'Child protection laws broken during Silwan interrogations'

60 professionals write to PM, A-G about concerns that police conduct in east J'lem affects physical, emotional well-being of youths.

Throwing rocks in silwan 311 AP (photo credit: Associated Press)
Throwing rocks in silwan 311 AP
(photo credit: Associated Press)
The police have been ignoring laws meant to protect minors during a yearlong crackdown on children who throw rocks at Israeli targets in the capital’s Silwan neighborhood, a group of 60 medical professionals, psychologists, educators, social workers, legislators and children’s book writers complained on Wednesday in a letter to Israeli political leaders.
“We are writing to express our deep concern for the physical and emotional well-being and the proper development of children and youths in east Jerusalem in the face of police conduct during the interrogation and detention of minors in this area,” the correspondents wrote.
Among those who signed the letter were former Tel Aviv District Court judge Saviona Rotlevi, author Yehuda Atlas, Tel Aviv University professor Daniel Bar- Tal, retired Hebrew University criminologist Leslie Sabba, former deputy attorney- general Yehudit Karp and founder and president of Physicians for Human Rights – Israel, psychiatrist Ruhama Marton.
The letter was addressed to Prime Minister Binyamin Netanyahu, President Shimon Peres, Attorney- General Yehuda Weinstein and others, and was timed to coincide with the week in which the International Day of the Child is marked.
Over the past year, police have interrogated more than 1,200 children and youths up to the age of 18 in east Jerusalem on suspicion of throwing rocks, according to the letter.
Some of those arrested have been under the age of 12, the lower limit for criminal responsibility.
The correspondents wrote that over the past year, and especially over the last few months, there has been “an increasing number of testimonies by minors and their families pointing to gross violations of the rights of detainees who are minors and the use of violence in their interrogation.”
They said they were especially concerned about the treatment of children under the age of 12.
“Despite their young age, they were not spared harsh and injurious interrogation,” the writers charged.
“For example, an eight-yearold child testified that he was taken from his bed in the middle of the night and held in jail at the police station for four hours.

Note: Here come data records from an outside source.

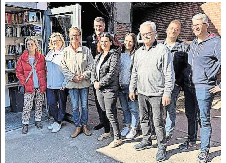
Verschiedene lokale Akteure waren an der Umsetzung des Projektes beteiligt.

Über den Bücherschrank: Der öffentliche Bücherschrank in einer ehemaligen Telefonzelle auf dem Hof Rotermund in Kaltenweide ist frei zugänglich und tagsüber geöffnet. Bürgerinnen und Bürger können Bücher kostenlos entnehmen und eigene, gut erhaltene Bücher einstellen.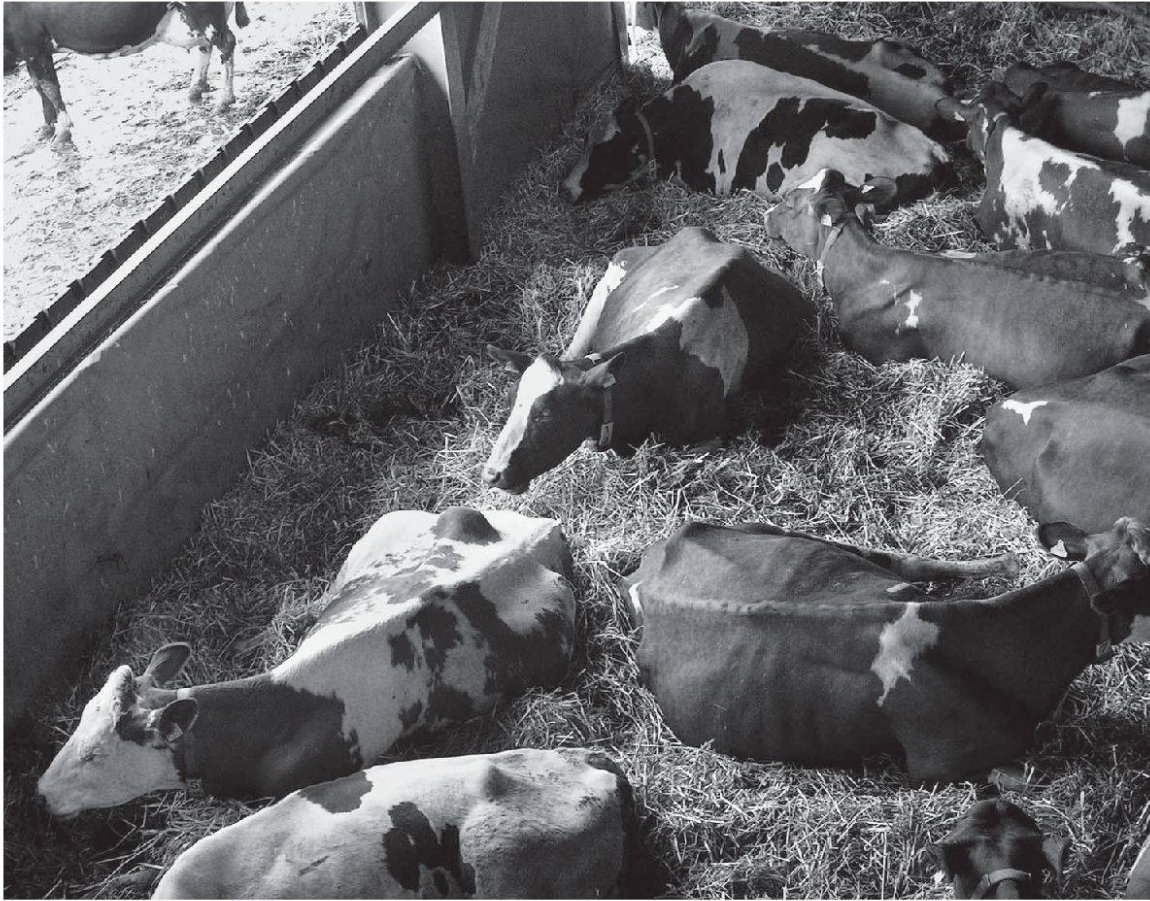
Die Herdenrangordnung bildet sich im Liegen aus – Milchkühe in Tiefstroh-Freiluftstallhaltung.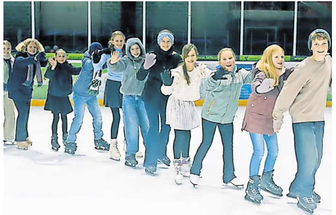
Hand in Hand, oder auch mal hintereinander: Die Sängerinnen und Sänger des Chors demonstrieren ihre gute Gemeinschaft.

Die Tonaufnahmen hätten die jungen Sängerinnen und Sänger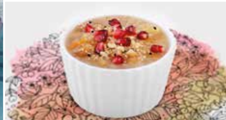
MİNBER'DEN SESLENİŞ | STIMME VON DER PREDIGTKANZEL: Muharrem Ayı ve Aşure Günü Der Monat Muharram und der Aschura-Tag ▶ S. 8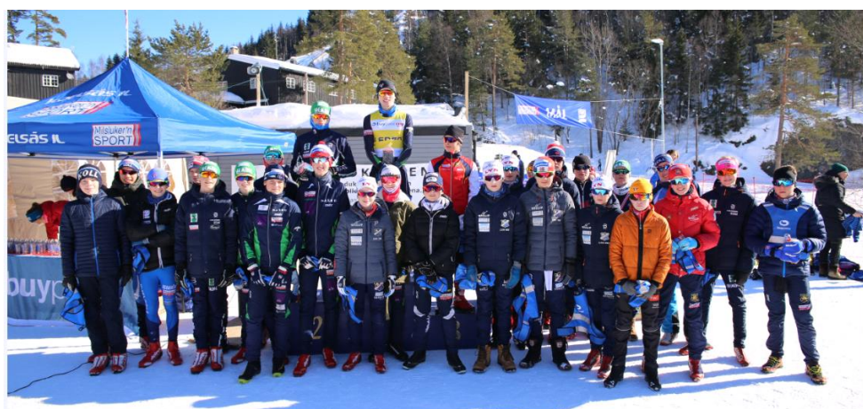
Gutter 2004, siste sesong med cup kun i Oslo gjennomført!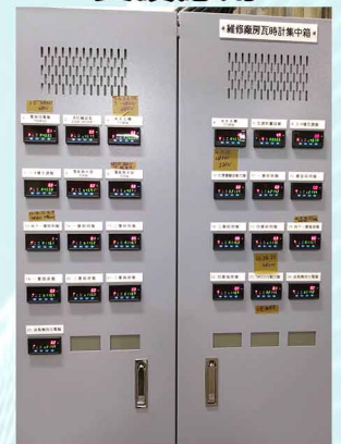
大林電廠電力系統架設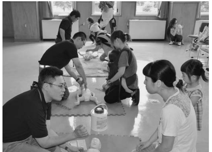
7/2 育児サークル「らっこクラブ」による陸別消防署見学が行われ、37名が参加しました。参加者は、署員の指導で乳幼児の人形を使った救命実習を行い、親子で消防車に乗車するなど楽しんでいました。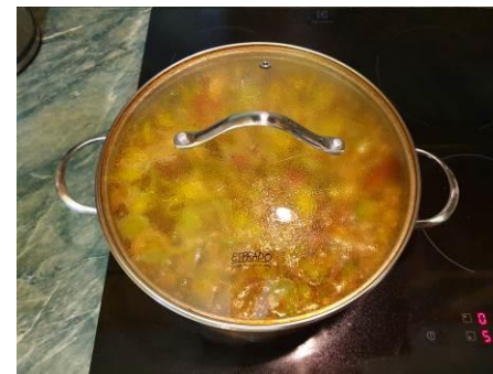
32. Накрываем кастрюлю крышкой и варим на малом огне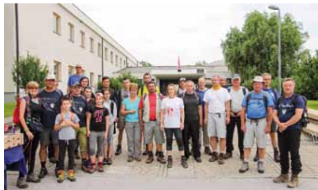
Na početku 8. pohoda Tragom vitezova rekreacija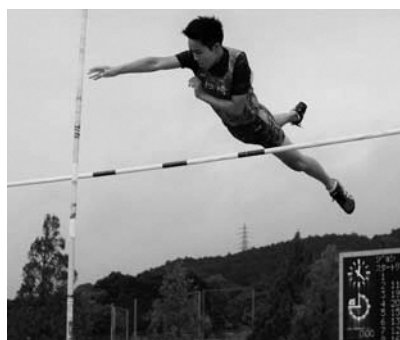
▲代替大会で競技を行う陸上部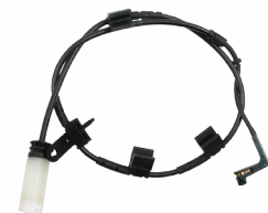
Mini Cooper PWS184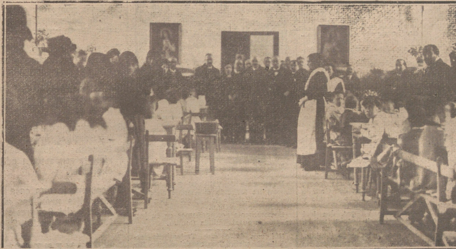
COMIDA EXTRAORDINARIA Y REPARTO DE ROPAS A LOS NIÑOS Y NIÑAS DE LA CANTINA ESCOLAR LOGROÑESA, ACTO AL QUE ASISTIERON LAS AUTORIDADES LOCALES.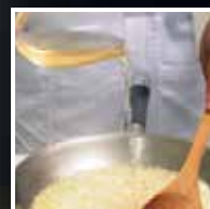
Refrescar o refogado com vinho.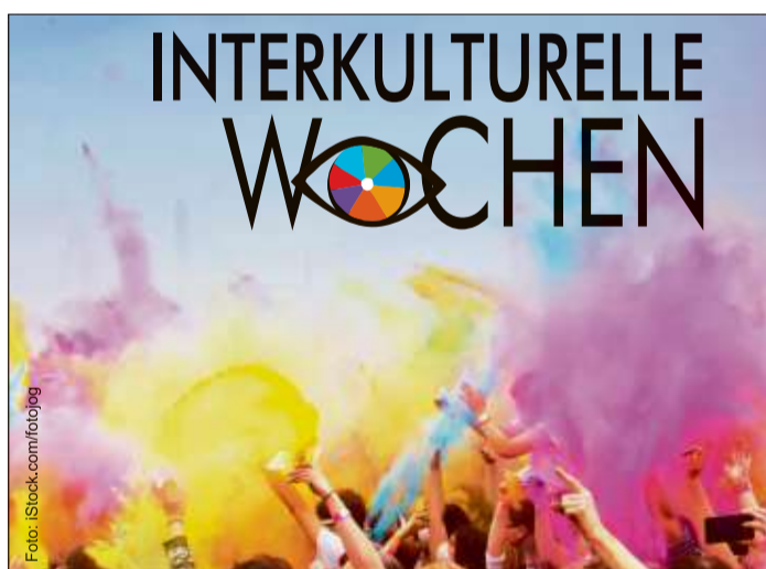
Insgesamt 58 Veranstaltungen bieten die Interkulturellen Wochen im Main-Kinzig-Kreis.

Vernissage zu einer ausgesuchten Biografie-Ausstellung in den Räumen der Interkulturellen Frauentreffs Gelnhausen statt. Frauen aus verschiedenen Herkunftsländern stellen sich hier mit ihrer persönlichen Geschichte, ihren Zielen und Träumen vor. Im Anschluss lädt der Interkulturelle Frauentreff – wie an jedem weiteren Montag im September – zu Austausch und Gesprächen bei internationalen Köstlichkeiten ein, jeweils von 15 bis 17 Uhr. Am gleichen Tag um 18 Uhr wird auch im Familienzentrum Nidderau eine Fotoschau mit Kurzbiografien und Ausschnitten aus dem interkulturellen Leben im Ort eröffnet. Diese Ausstellung ist bis zum 23. September zu sehen.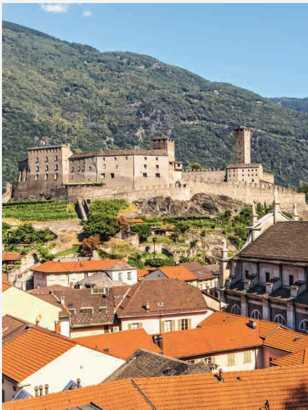
Castelgrande / Bellinzona - Schweiz Erbaut ca. 1250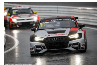
Niels Langeveld (Audi)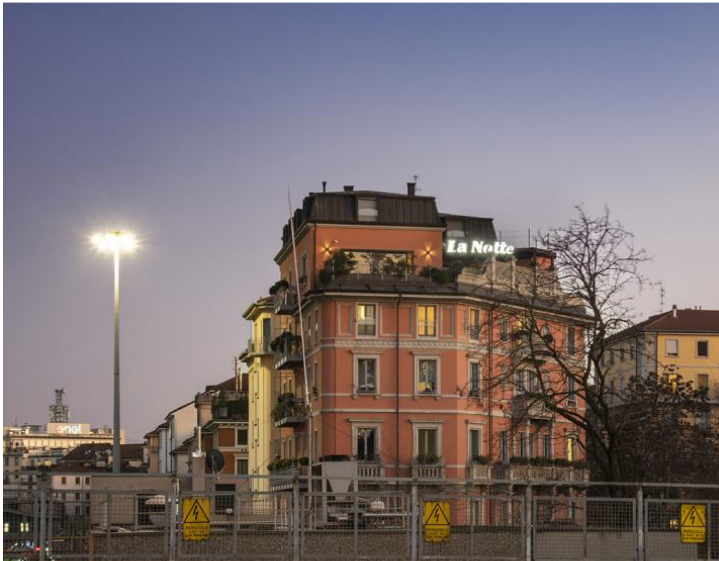
Luca Massaro, La Notte , 2022, lightbox.

L'opera site specific La Notte , composta da un lightbox collocato sul tetto dell'edificio che ospita la galleria, ripropone il contesto urbano nel quale Massaro incontra le scritte che poi fotografa. La Notte era un quotidiano milanese di cronaca pubblicato dal 1952 al 1995, ma è anche quella che rende leggibile a distanza il lightbox evocando un paesaggio urbano ora scomparso. Il testo entra così in un sistema di lettura e interpretazione dominato dall'ambiguità. L'artista sfrutta questa elasticità del testo per rendere instabile il linguaggio pubblicitario, in un certo senso per minare la sua credibilità attraverso una deriva poetica del senso.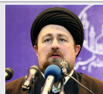
توصیه سید حسن خمینی درباره شرایط کنونی: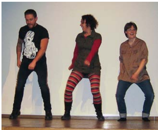
dansende forspill: Deltakerne fra Berlevåg og Båtsfjord hadde ansvar for det musikalske forspillet før festmiddagen, og bød blant annet på dans.

Another child, aged 10, returned from an interrogation with bruises on his back which, he said, he sustained during his arrest and interrogation.”
The laws protecting minors specify that children should be interrogated by specially trained juvenile investigators, in the presence of their parents or other relatives, in daylight and without violence.
They must not be handcuffed and detention must only be a last resort.
Requests to deviate from these regulations may only be made in exceptional circumstances and in writing.
“Regretfully, based on testimony we have received, it seems that there is not a sign of any of this in the encounter between many east Jerusalem children and the police,” the correspondents wrote.
Graciela Karmon, who has been a doctor and child psychiatrist for 36 years, told The Jerusalem Post that she signed the letter because she knew what this kind of treatment can lead to in children.
“There can be immediate reactions such as fears, severe anxiety attacks, inability to function, bedwetting, withdrawal from society, depression, outbursts of anger – in other words, a wide variety of symptoms,” she said.
Karmon added that while police failed to observe child protection laws when it came to Palestinian children, they did not treat Jewish children the same way when they broke the law.